What caught my eye is the TrueEx offering “trueBlend” as a one-sided process to reduce line items, along the lines of what the DCO offers. It’s not entirely clear to me how a utility other than a DCO can offer a one-sided coupon blending process, but it seems TrueEx facilitates the STP and reporting of these transactions back into the client’s systems.
Trade porting also caught my eye. TrueEX market this as a utility to “move existing positions between clearing houses and between clearing firms.”
Back in 2009 when I first began working with clearing houses, we designed a solution for doing just this – taking a cleared leg of a trade and moving it to another clearing house. The logistics are possible, but the fundamental problem is always that the clearing house needs to maintain a zero risk position, so you can’t ever take away a single leg of a trade.
Moving a trade to another clearing house (without executing more trades) requires de-clearing it. To do this and maintain a zero risk position at the CCP, you need to also de-clear an equal and opposite trade. While it is theoretically possible to go find the other side (original counterparty to your trade), clearing houses just aren’t keen to perform this service (of course!). Further, as clearing houses have begun to do single-sided compression such as coupon blending, there is no guarantee any longer that there is an equal and opposite trade for every trade they have on the books.
So the only way I see “moving between clearing houses” is through the execution of LCH/CME basis trades, which will compress the original trade at one of the DCOs.
While I don’t see this offered on the TrueEX datasheet, I do occasionally hear of firms wanting to do a series of trades and have them allocated at an average price. In a simple example, if they are receivers of 10mm @ 3.0% and 10mm @ 3.5%, their average rate is, of course, 3.25%. However, if they need to allocate equally to four accounts at the average price, how do you do that?

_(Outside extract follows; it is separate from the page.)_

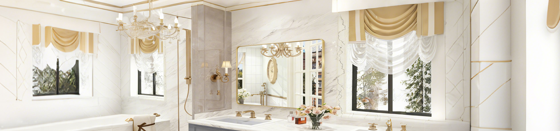 3. Rich and contemporary brass surrounds bring luxuriousness to any space built for primping.
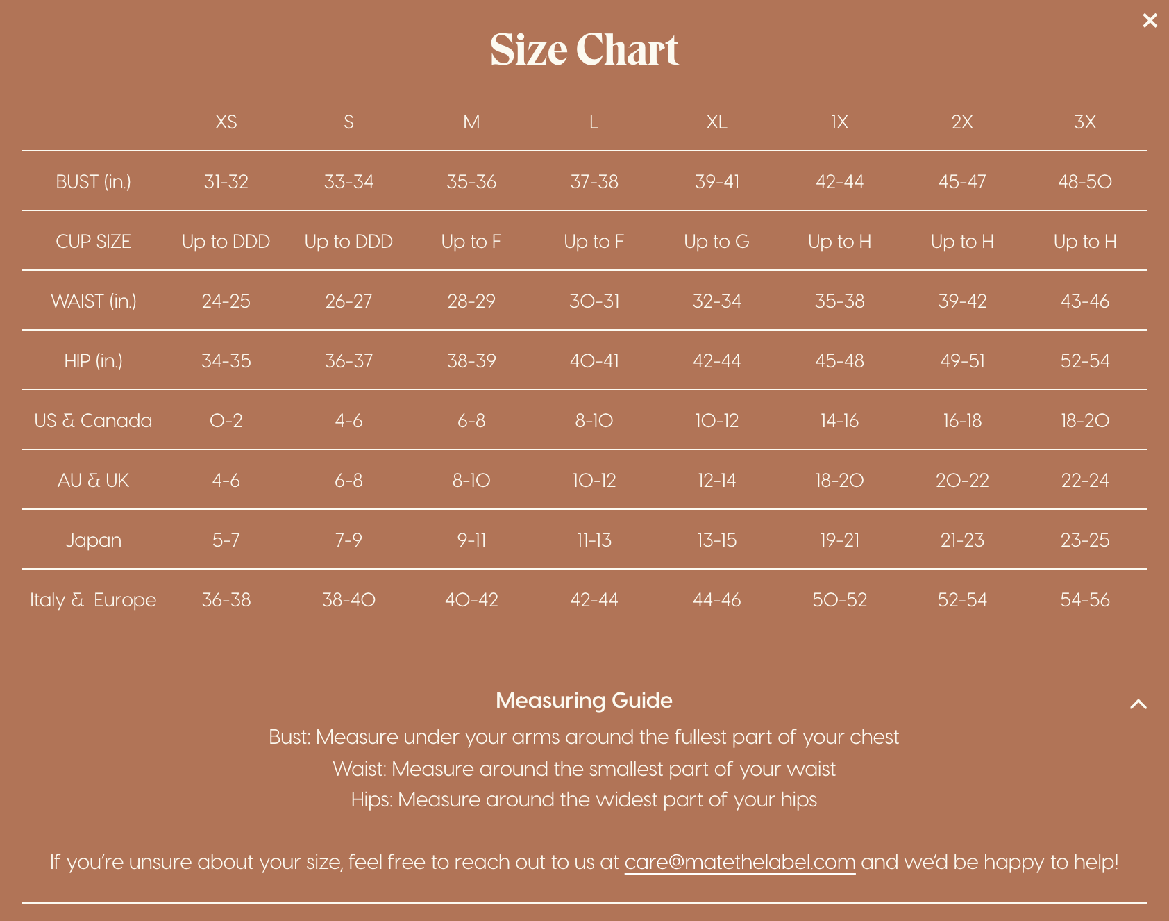 - 1X: Up to H Cup, Band Size 40"- 42"

The answer seems pretty simple: Perform a type of coupon blending on the original package (of two trades) and create four equal trades in each account. Of course, coupon blending creates two trades per account (hence eight total), but this is just some of the gory detail that clients want addressed.

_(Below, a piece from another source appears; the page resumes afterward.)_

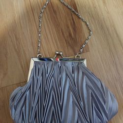 Silver Gray Pleated Satin Evening Bag Purse With Silver Chain Prom Wedding$15Hopatcong, NJ
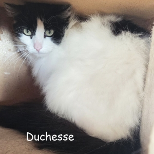 DUCHESSE Femelle Naissance : 05/03/2023 Refuge depuis : 02/12/2025 Vaccinée, vermifugée, identifiée, stérilisée, testée Felv- et Fiv- OK : chats, enfants Visible à la Spa les Amandiers Lavilledieu Ardèche 04 75 94 27 05 Merci de téléphoner au refuge pour convenir d'un rdv afin de la rencontrer (les visites se font uniquement les après-midi du lundi au samedi) Participation adoption : 180€ DUCHESSE a été trouvée sur la commune d'Aubenas, non réclamée, elle est à l'adoption. Duchesse est une jolie minette aux poils mi-longs et à la truffe toute rose. Gentille, elle est un peu timide mais se laisse caresser. Il lui faut juste un peu de temps pour s'adapter, pour voir qu'elle peut faire confiance. Duchesse espère trouver rapidement la famille qui lui offrira une belle vie.

Maybe TrueEx is operationally solving this in TrueBlend.
So what does this have to do with SEF volumes? Well, I found it interesting that there is roughly $80 bn of activity for TrueEX year-to-date, according to the TrueEX data sheet. But a whopping $3 trillion from its PTS platform.
So there seems to be lots of appetite for these client-friendly bells and whistles that are happening away from the SEF itself.
The chart below shows SEF volumes. If we were able to collect all post-trade service activity (which would be double-counting, in many cases), the amounts seemingly would be much larger.
Year-to-Date SEF Activity for Legacy “Client” SEFs
Once you get away from the interdealer trading activity, you realize clients require quite a bit of special treatment in the pre- and post-execution arena. There are DCO services available for these clients, and it would seem that the SEFs have begun to cater for these services, regardless of whether that trade was executed on their SEF or not.